Material provided:

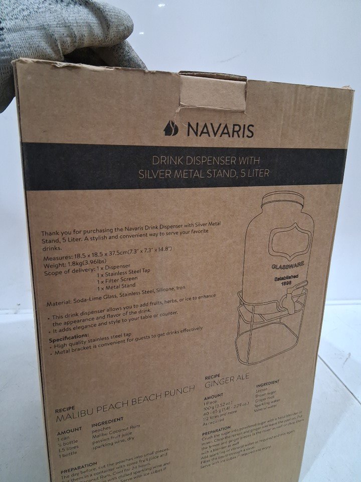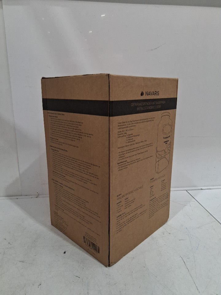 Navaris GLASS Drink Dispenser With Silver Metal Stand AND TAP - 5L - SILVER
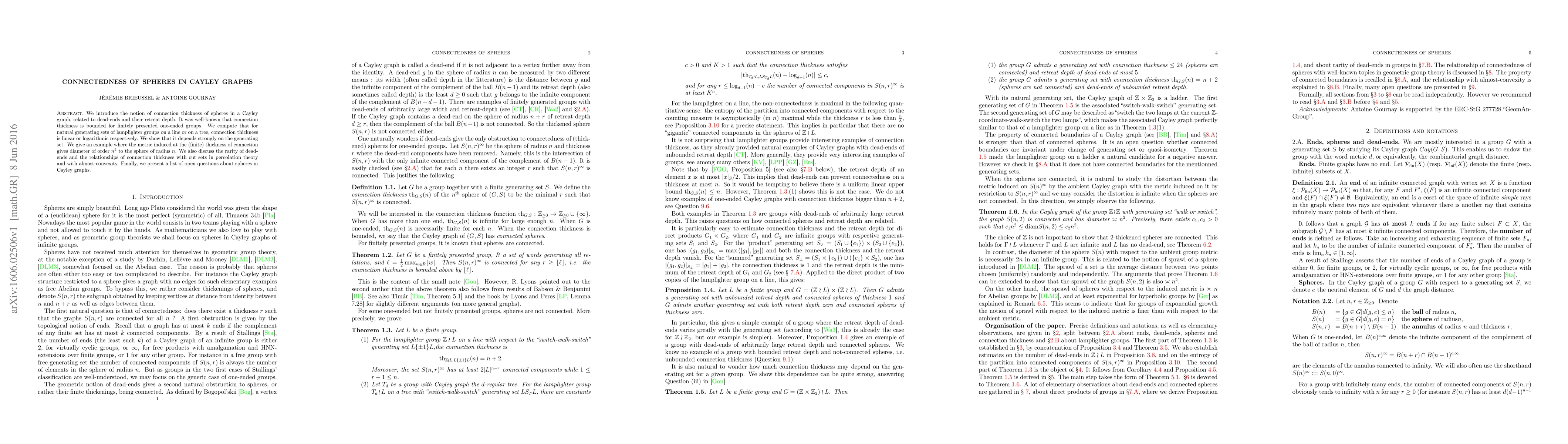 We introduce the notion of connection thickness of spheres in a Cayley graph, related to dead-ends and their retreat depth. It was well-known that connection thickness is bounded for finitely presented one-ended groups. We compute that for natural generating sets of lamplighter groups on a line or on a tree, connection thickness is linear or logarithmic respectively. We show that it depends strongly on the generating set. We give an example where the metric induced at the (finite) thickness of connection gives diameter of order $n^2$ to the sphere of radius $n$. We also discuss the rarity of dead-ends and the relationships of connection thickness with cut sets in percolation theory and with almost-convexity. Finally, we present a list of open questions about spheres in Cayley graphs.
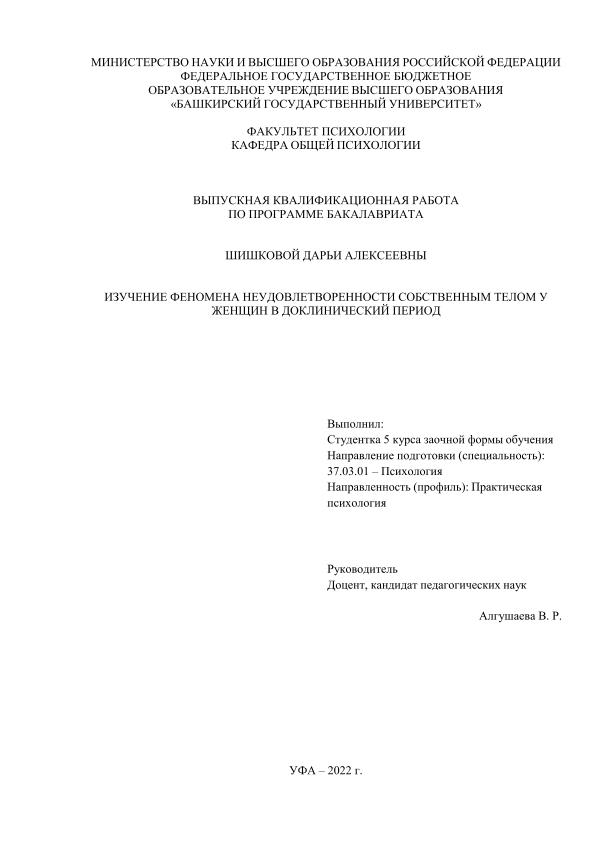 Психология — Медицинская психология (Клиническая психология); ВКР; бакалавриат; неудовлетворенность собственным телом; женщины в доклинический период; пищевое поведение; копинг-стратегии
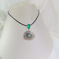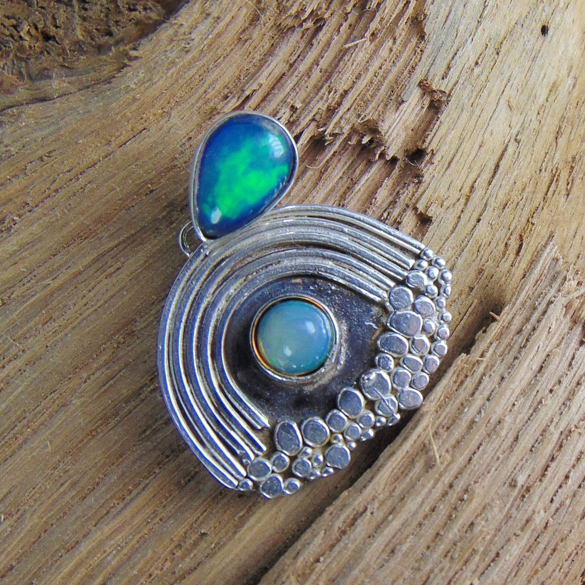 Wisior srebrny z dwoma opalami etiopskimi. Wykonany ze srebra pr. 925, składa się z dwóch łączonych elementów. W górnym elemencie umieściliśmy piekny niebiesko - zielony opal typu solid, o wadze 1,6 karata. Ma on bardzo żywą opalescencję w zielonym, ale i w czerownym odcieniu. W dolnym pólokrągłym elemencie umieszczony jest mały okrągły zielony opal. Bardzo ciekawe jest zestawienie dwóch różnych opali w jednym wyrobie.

* * *

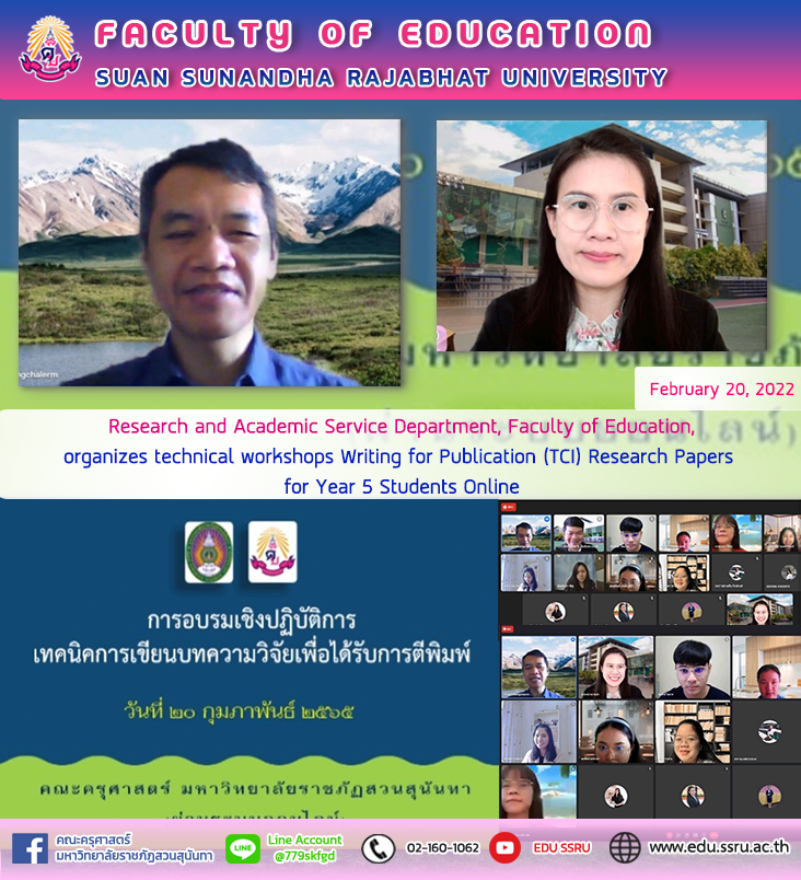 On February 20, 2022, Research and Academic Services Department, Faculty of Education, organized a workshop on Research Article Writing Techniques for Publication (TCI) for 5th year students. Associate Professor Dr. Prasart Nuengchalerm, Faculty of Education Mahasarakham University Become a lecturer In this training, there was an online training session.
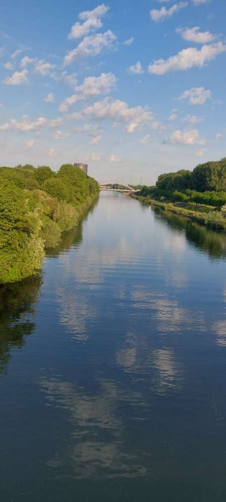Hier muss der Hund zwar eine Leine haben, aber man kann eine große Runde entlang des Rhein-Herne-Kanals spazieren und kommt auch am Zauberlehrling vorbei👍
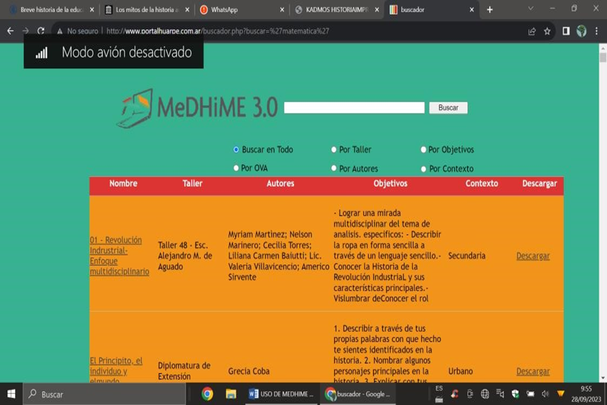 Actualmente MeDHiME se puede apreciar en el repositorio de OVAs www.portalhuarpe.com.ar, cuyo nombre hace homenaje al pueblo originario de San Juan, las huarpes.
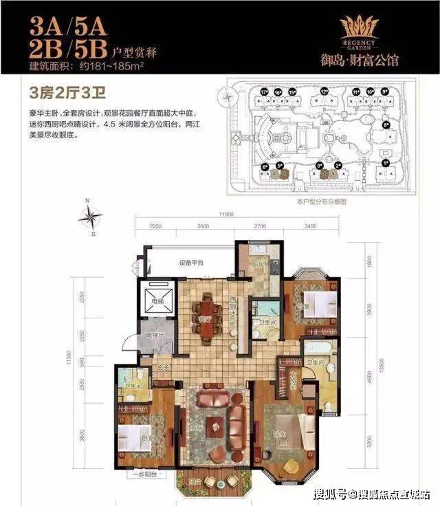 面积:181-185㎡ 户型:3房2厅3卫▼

Task brief:
Copy nothing but the lines above that run from the one with "Navaris GLASS Drink" to the one with "Wisior srebrny z", ends included; pictures stay out.

Solution for this task:
 Navaris GLASS Drink Dispenser With Silver Metal Stand AND TAP - 5L - SILVER
 We introduce the notion of connection thickness of spheres in a Cayley graph, related to dead-ends and their retreat depth. It was well-known that connection thickness is bounded for finitely presented one-ended groups. We compute that for natural generating sets of lamplighter groups on a line or on a tree, connection thickness is linear or logarithmic respectively. We show that it depends strongly on the generating set. We give an example where the metric induced at the (finite) thickness of connection gives diameter of order $n^2$ to the sphere of radius $n$. We also discuss the rarity of dead-ends and the relationships of connection thickness with cut sets in percolation theory and with almost-convexity. Finally, we present a list of open questions about spheres in Cayley graphs.
 Психология — Медицинская психология (Клиническая психология); ВКР; бакалавриат; неудовлетворенность собственным телом; женщины в доклинический период; пищевое поведение; копинг-стратегии
 Wisior srebrny z dwoma opalami etiopskimi. Wykonany ze srebra pr. 925, składa się z dwóch łączonych elementów. W górnym elemencie umieściliśmy piekny niebiesko - zielony opal typu solid, o wadze 1,6 karata. Ma on bardzo żywą opalescencję w zielonym, ale i w czerownym odcieniu. W dolnym pólokrągłym elemencie umieszczony jest mały okrągły zielony opal. Bardzo ciekawe jest zestawienie dwóch różnych opali w jednym wyrobie.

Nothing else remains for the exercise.